Badry’s series, The Provisionary That Lasts, is an accumulation of five years of research and observation. The artist makes use of impractical scales and non-durable materials to rebuild bodies of everyday instruments. Using found images as models or his own design, he combines the assumed functions of some and erases those of others, in reference to a culture of improvised troubleshooting. The objects act as monuments of thrift, leading to a pattern of language that could exist outside of the prevailing economic conditions.
Badry examines the effects of the non-codified objects on language, collapsing the two poles of metaphor and metonymy. Through a process of re-presentation using projection, writing, drawing and 3D printing, the objects lose their ability to be named.
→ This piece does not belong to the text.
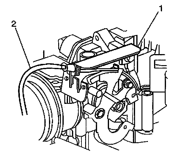 4. Disconnect the cruise control cable (1) to the bracket (2).

The tangled object invokes a disruption in communication or possibly access to new neologisms.
Ahmed Badry completed a BA in Art Education at Helwan University, Cairo in 2003. His solo shows include The Provisionary that Lasts, Medrar, Cairo and AB Gallery, Luzern (2014); Two Minutes Delay, AB Gallery, Zurich (2011); Made in China (with Anastasia Katsidis), Kasko, Basel (2011). His group shows include Open House, Delfina Foundation, London (2017); Contemporary Artistic Revolutions: An Institutional Perspective, AUB Gallery, Beirut (2017); D-CAF | Downtown Contemporary Arts Festival, Cairo (2016); HOME WORKS 7, Beirut Art Center, Beirut (2015); Kunst (Zeug) Haus Rapperswil, Zurich (2015); What are you doing, object?, Gypsum Gallery, Cairo (2015); Museum of Modern and Contemporary Art, Algiers (2013); Regionale 13, Projektraum M54, Basel (2012); Cairo Documenta 2, Hotel Viennoise, Cairo (2012); Regionale 11, Hegenheim, France and Freiburg, Germany (2011) and at Darat al Funun, Jordan (2010). Badry spent a year in Beirut completing Ashkal Alwan’s Homeworkspace Program 2016-2017. He lives and works in Cairo.